(PROMPT)
The required output is the exact run of lines in the listing below from the line holding "Quando si sceglie" through the line holding "[กรุงเทพโพล] ผลสำรวจดารา ศิลปินตัวอย่าง", with no pictures.

(SUPPLIED INFORMATION)
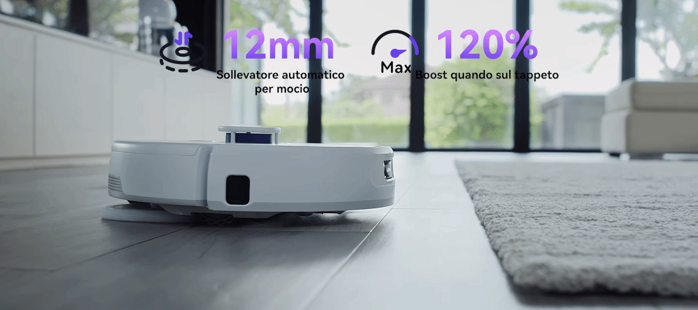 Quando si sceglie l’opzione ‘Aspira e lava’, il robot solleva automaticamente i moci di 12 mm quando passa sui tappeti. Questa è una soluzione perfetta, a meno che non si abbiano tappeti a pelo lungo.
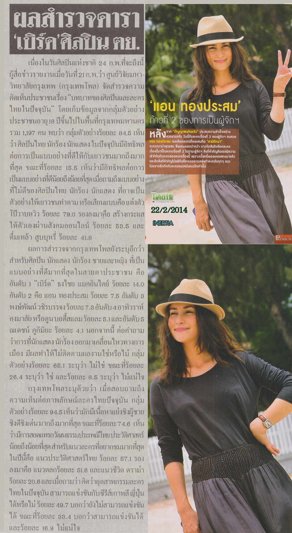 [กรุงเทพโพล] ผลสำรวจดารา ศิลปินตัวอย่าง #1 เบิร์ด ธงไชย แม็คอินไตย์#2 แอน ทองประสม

--

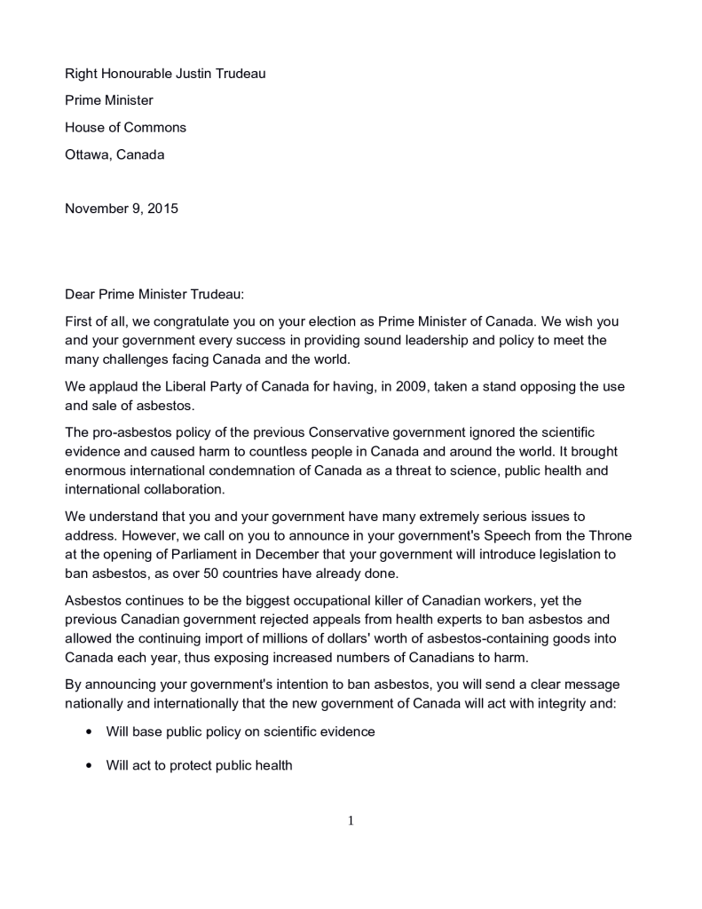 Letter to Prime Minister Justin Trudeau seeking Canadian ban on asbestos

(TASK RESULT)
 Quando si sceglie l’opzione ‘Aspira e lava’, il robot solleva automaticamente i moci di 12 mm quando passa sui tappeti. Questa è una soluzione perfetta, a meno che non si abbiano tappeti a pelo lungo.
 [กรุงเทพโพล] ผลสำรวจดารา ศิลปินตัวอย่าง #1 เบิร์ด ธงไชย แม็คอินไตย์#2 แอน ทองประสม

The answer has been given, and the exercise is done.